C’est une tâche sisyphéenne qui échoit à Viola Amherd. Près d’une année et demie après la très mince approbation du peuple (50.1%) concernant un paquet de 6 milliards relatif à l’acquisition de nouveaux avions de combat, la conseillère fédérale est de retour en campagne.

A l’occasion d’une conférence de presse sur le message de l’armée 2022, elle a martelé un mantra familier: «nous avons besoin de ces avions». Elle a cependant reconnu, qu'«aucun contrat ne sera signé avant un échec de l’initiative». La situation est risquée.

Une épée de Damoclès toujours plus lourde

Revenons-en tout d’abord aux chiffres annoncés ce mercredi: le Conseil fédéral demande au parlement de valider des crédits d’engagement à hauteur de 9,3 milliards de francs, dont la part principale revient à l’achat de nouveaux jets: 6,035 milliards. Un chiffre 35 millions plus élevés que la somme annoncée en votation. Pourquoi?

«Ce montant est inférieur au volume financier maximal approuvé par le peuple», explique la ministre de la Défense. Le calcul se base sur l’indice des prix à la consommation de janvier 2018 et, compte tenu des prévisions actuelles sur l’inflation, la somme s’inscrit dans les dépassements planifiés. Deuxième gros morceau du budget: 1,987 milliard de francs pour l’acquisition du système de défense sol-air de longue portée «Patriot». Mais ce n’est pas tout.

Aux deux dépenses s’ajoutent 120 millions de francs pour les «mesures de construction» qu’implique l’acquisition des jets: construction d’un centre d’entraînement à Payerne contenant de nouveaux simulateurs, adaptation des halles de stationnement dans le canton de Vaud ainsi qu’à Meiringen (BE) et Emmen (LU). Et 66 millions de francs destinés à la construction de trois nouveaux bâtiments d’instruction et l’adaptation de l’infrastructure de stockage pour les missiles Patriot. Rien qui ne soit pas pré-budgétisé, assure à nouveau l’exécutif. Le reste des dépenses soumises au parlement porte sur l’achat de matériel et des travaux immobiliers.

La Patrouille suisse en danger?

Concernant les achats d’avions et de missiles, ils sont tenus au respect du système dit des «affaires compensatoires» – des mandats obligatoires confiés à l’industrie suisse par le constructeur à hauteur de 60% du montant de la transaction (2,9 milliards) pour les avions et 100% dans le cas des missiles.

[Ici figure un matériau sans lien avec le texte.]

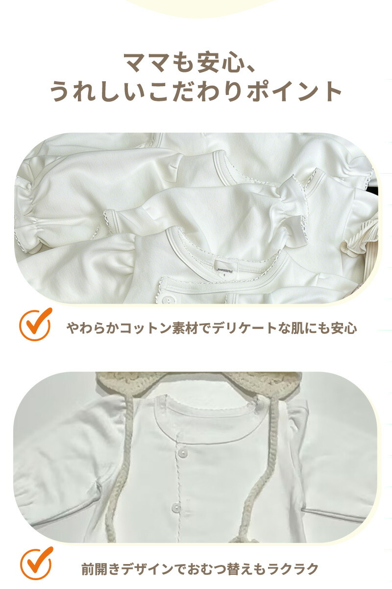 退院着 ベビー ロンパース 新生児 セ キッズ ベビー マタニティ 豊富な品揃え 帽子あり ホワイト 帽子あり ベージュ 帽子なし ホワイト 帽子なし ベージュ 66(60~65cm) 73(65~70cm) 80(70~75cm) 90(75~80cm)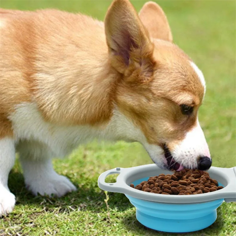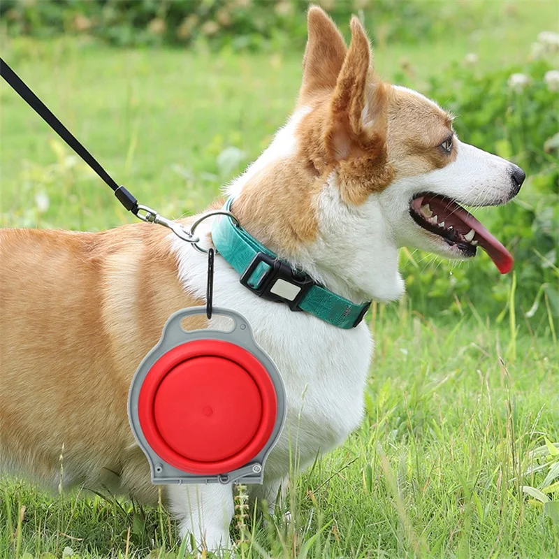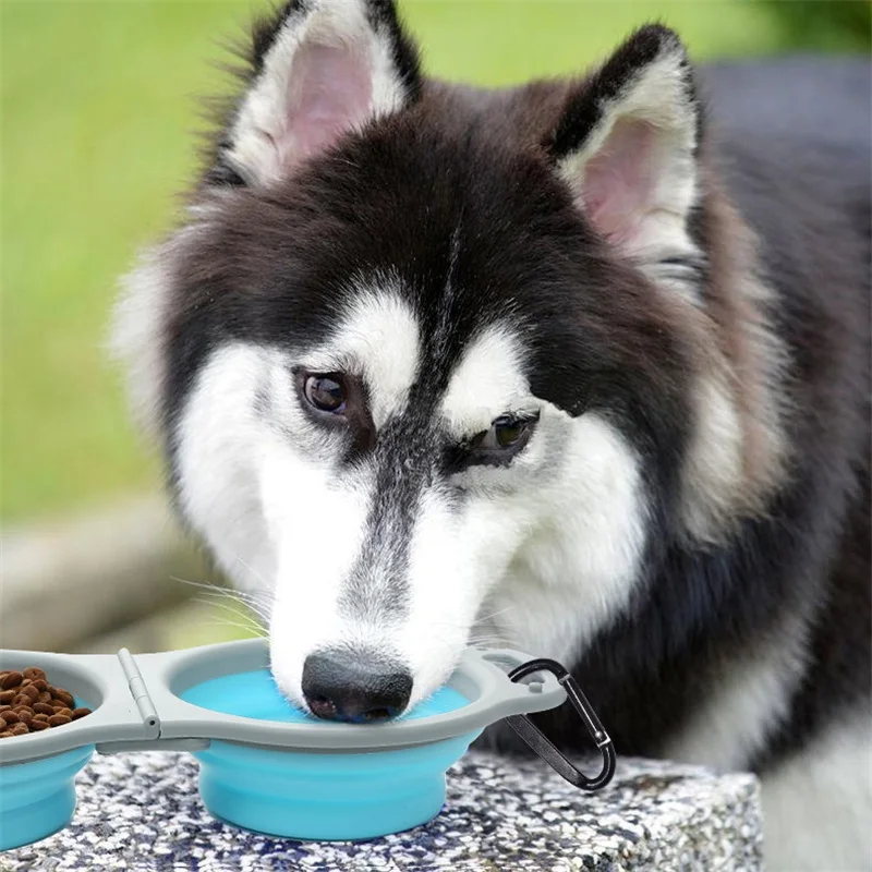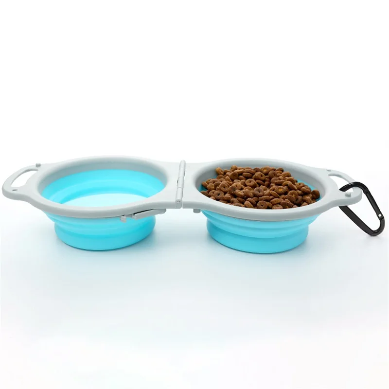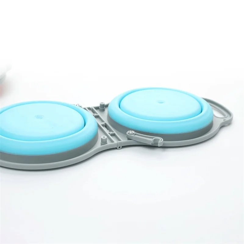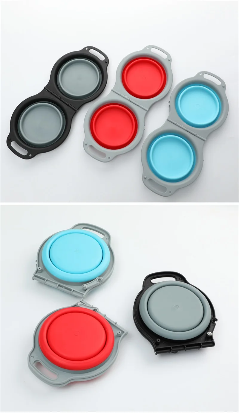 Cuenco plegable multicolor de TPR ABS para mascotas, cuenco doble para exteriores, utensilios de comida, suministros para mascotas, cuenco portátil para perros y montañismo

Ces achats rapporteront 4,2 milliards à l’industrie suisse, souligne le gouvernement, agrémentés de 321 millions de francs de commandes effectuées directement par l’administration suisse. Un surcoût? «Non», répond le Département de la défense, qui précise de manière quelque peu nébuleuse que cette somme est «contenue dans le crédit d’engagement demandé».

Au niveau opérationnel, le gouvernement précise que les 36 nouveaux avions de combat devraient remplacer les 25 F-5 Tiger et les 30 F/A-18 Hornet actuellement détenus par la Suisse. Ces derniers seront remplacés de manière successive dès 2030 par les F-35, tandis que le Conseil fédéral propose la mise hors service des deuxièmes, ceux-ci «n’ayant aucune chance face à un adversaire contemporain». Quant au sort de la Patrouille suisse, «nous attendrons 2025 pour voir si nous continuons, et comment», a précisé Viola Amherd, plongeant certainement les fans de cette escadrille d’apparat créée en 1964 dans des tourments.

Les 8515 voix du doute

Les inquiétudes principales reviennent cependant avant tout à la conseillère fédérale, qui fait face à un mur de critiques. La coalition contre le F-35, pour commencer. «Cet avion fait la une des journaux du monde entier en raison de listes interminables de défauts et d’une explosion continue des coûts d’exploitation et de mise à jour», affirment les militants, qui sont bien déterminés à faire capoter le projet. Plus de 80 000 personnes ont déjà téléchargé à partir de leur site web les documents destinés à recueillir des signatures.

La Commission de gestion du Conseil national ensuite, qui a annoncé en novembre dernier que «la légalité et l’opportunité de certains aspects de la procédure» de choix des nouveaux avions feraient l’objet d’une enquête. Alors qu’un certain flottement règne actuellement autour du projet, les conclusions de la Commission seront d’une importance capitale. «Nous avons besoin de ces avions», répète Viola Amherd. Mais la conseillère fédérale le sait: en septembre 2020, il s’en est fallu de 8515 voix que le projet n’échoue. Une marge terriblement maigre en cas de nouveau scrutin, qui nécessiterait en outre une double majorité.